Tenemos que prepararnos para afrontar cualquier cosa y mentalizarnos de que necesitamos continuar adelante con nuestras actividades pese a la carencia de seguridad absoluta. Incluso cuando no percibimos una amenaza evidente, certezas plenas tampoco existen. Pero para evitar que la infección avance otra vez hacia terrenos peligrosos, hay que conseguir que su expansión disminuya ya como sea. Con máximo rigor en el diseño de medidas eficaces y responsabilidad de la ciudadanía para aplicarlas. A tenor de la evolución última de los datos, tras unas cuantas semanas de descanso, de relajación psicológica después del estado de alarma y de multitud de desplazamientos, a nadie le puede sorprender el renacer de las restricciones.
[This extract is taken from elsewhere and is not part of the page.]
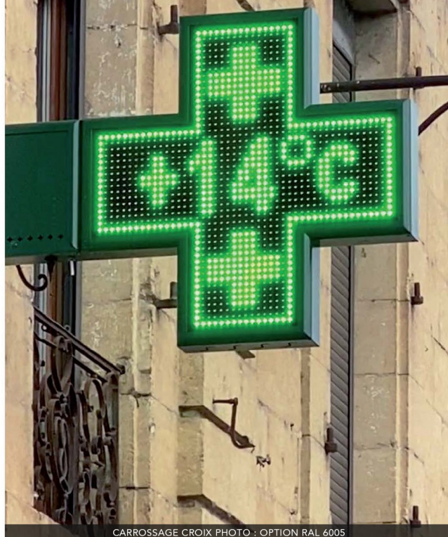
CARROSSAGE CROIX PHOTO : OPTION RAL 6005
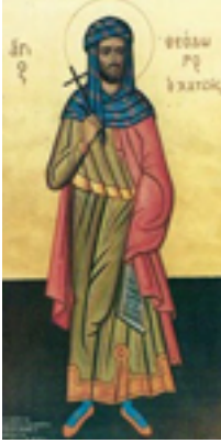
Άγιος Θεόδωρος ο Χατζής ο Μυτιληναίος

Algunos expertos dan por hecho que tendremos que convivir con el coronavirus no menos de dos años. Ni Canarias ni España pueden permitirse durante ese tiempo otro estado de excepción por las repercusiones familiares, económicas y educativas que acarrearía la parálisis. El final del estío marca el inicio de la prueba de fuego para los políticos y el conjunto de la población. Para hacer frente al covid-19 y salir reforzados del combate conviene madurar como colectividad, conjugando prudencia y audacia con una enorme responsabilidad personal y comunitaria.

En los últimos meses, Canarias ha demostrado que puede compatibilizar un retorno razonable a la vida ordinaria con una situación sanitaria asumible. Con el inicio del curso académico a la vuelta de la esquina y las problemáticas de salud propias del invierno encima surgirán con seguridad otras complicaciones que agravarán los efectos de esta plaga indeseable.

De la concienciación de los canarios, de su compromiso para no bajar la guardia en las dos próximas semanas, de su capacidad para extremar las precauciones por el bien propio y el de los demás va a depender el cariz que tomen los acontecimientos. No parece razonable dar por hecho que la única alternativa viable para evitar el desastre pase por otro enclaustramiento. Un confinamiento casi trajo la ruina. Otro sembraría la devastación.

El Gobierno de España ha desaparecido del frente de batalla de manera inexplicable. El paso atrás parece fundamentado en espurias tácticas políticas y no en las necesidades operativas de la lucha, que continúa adoleciendo de una coordinación milimétrica, una lealtad absoluta y un mando claro, como si nada hubiéramos aprendido de la tragedia de cargar con miles de muertos a la espalda. Las autonomías, cada una por su cuenta y riesgo, imponen prohibiciones deslavazadas. Viajar por España exige un manual de instrucciones para saber qué hacer y que no en esta región y en aquella. Este descontrol de las administraciones genera desconfianza y, en los hastiados, desobediencia. El caos y las actuaciones a impulsos, sálvese quien pueda, minan la implicación general en la estrategia de reducción de riesgos.

"Nuestro éxito en la lucha contra el nuevo coronavirus depende de que las personas estén informadas, dispuestas y capacitadas para adoptar las medidas públicas adecuadas", advertía en abril la Organización Mundial de la Salud (OMS). Sin plan, sin anticipación, improvisando, con una ciudadanía impaciente, desanimada y que empieza a fatigarse, en cuya concepción del bienestar no cabe ni un golpe así, ni una dura resistencia, jamás derrotaremos al enemigo invisible. Y, aún peor, también acabaremos sucumbiendo como sociedad.